Homotopy invariance in homology i have this from Hatcher's book "Algebric topology"

And i don't understand why we have $i-1$ in $(-1)^{i-1}$ and strict inequality in $P\partial(\sigma)$ ?
Please.
Thank you.
 A: Recall that if $\Delta^n = [v_0, v_1, \ldots, v_{n-1}, v_n]$ then for a map $\sigma\colon\Delta^n\to X$ we define the boundary operator $\partial\colon C_n(X)\to C_{n-1}(X)$ by
$$\partial(\sigma) = \sum_{j=0}^n (-1)^{j} \sigma \mid [v_0,v_1, \ldots, \hat{v}_j,\ldots, v_{n-1},v_n]$$
and if, for an arbitrary chain $\alpha$, we have
$$P(\alpha)=\sum_{i=0}^n(-1)^{i} F \circ (\alpha \times \mathbf{1}) \mid [v_0, \ldots, v_i, w_i, \ldots, w_n]$$ then $P\partial(\sigma)$ will be
$$P\left(\sum_{j=0}^n (-1)^{j} \sigma \mid [v_0,v_1, \ldots, \hat{v}_j,\ldots, v_{n-1},v_n]\right)$$ so we're taking the prism operator on an $(n-1)$-chain.
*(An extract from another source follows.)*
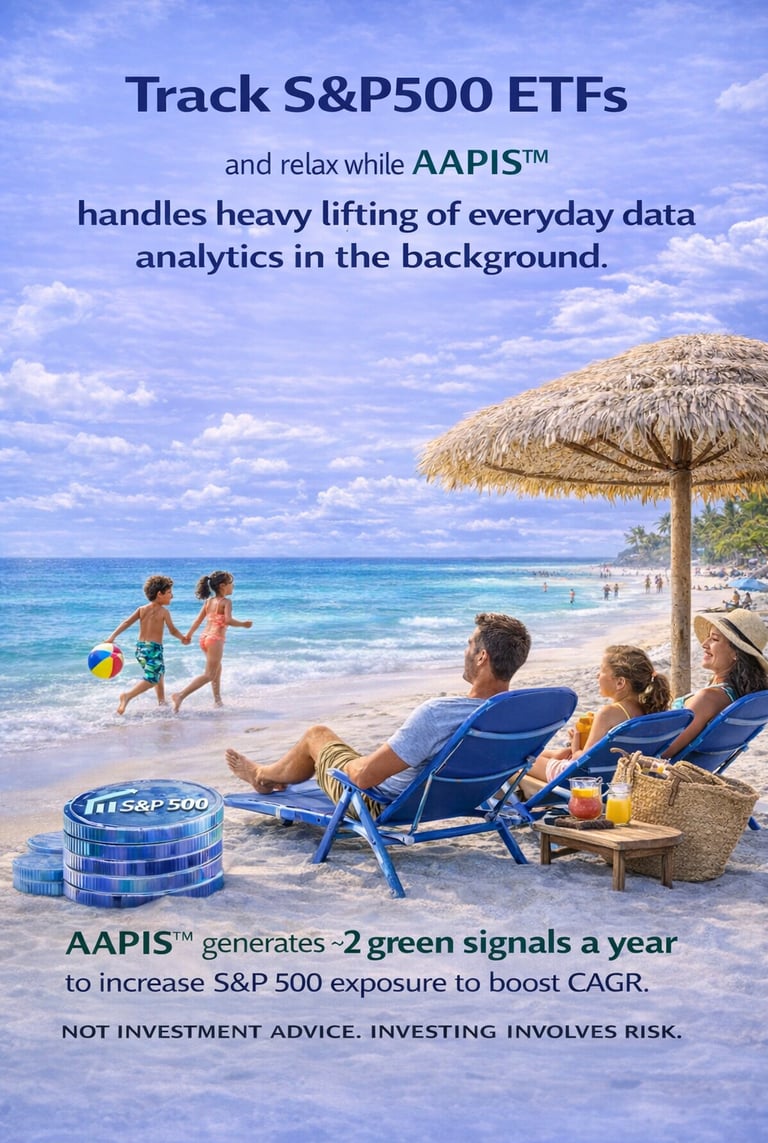 Track S&P 500 ETFs with confidence while AAPIS™ handles heavy lifting of everyday data analytics in the background. AAPIS™ generates approximately two “green” informational signals per year that highlight periods of increased S&P 500 market exposure based on its analytical models.

When defining the prism operator we add in a $w_i$ next to $v_i$ as well as change the last $n-i$ vertices from $v_k$s to $w_k$s before restricting the function $F\circ(\sigma\times\mathbf{1})$ to this simplex. But remember if $k>j$ then $v_k$ is actually the $(k-1)$th vertex now because we no longer have $v_j$ in the order. If $k<j$ then $v_k$ is still the $k$th vertex as it's not shifted in its order. So we need to split these two cases up, and the shift accounts for the appearance of the $(-1)^{i-1}$ because odd and even vertex placements in the order have now swapped for all $i> j$. Also, $v_j$ does not appear in any chain for a fixed $j$ now because we've removed it, so the case $i=j$ in the sum doesn't make sense.
To make it a bit more clear, let's suppose that $n=5$, and we're looking at the term corresponding to $j=3$ with $i=1$. For ease of notation I'll ignore all of the function compositions and restrictions and just concentrate on the parity associated to the simplices. So, we start with the simplex $[v_0,v_1,v_2,v_3,v_4,v_5]$. The first thing we do is delete the vertex $v_j$ for $j=3$, and as $3$ is odd this means we have the modifier $-1$ associated to this simplex and we're left with $-[v_0,v_1,v_2,v_4,v_5]$. Now, in the case $i=1$ we will add in a $w_1$ and replace all the $v_k$s with $w_k$s for $k>i=1$. Here $v_i$ is the $1$st vertex in the order* (because $i<j$) which is odd so we add another $-1$ modifier leaving us with $(-1)(-1)[v_0,v_1,w_1,w_2,w_4,w_5]=+[v_0,v_1,w_1,w_2,w_4,w_5]$.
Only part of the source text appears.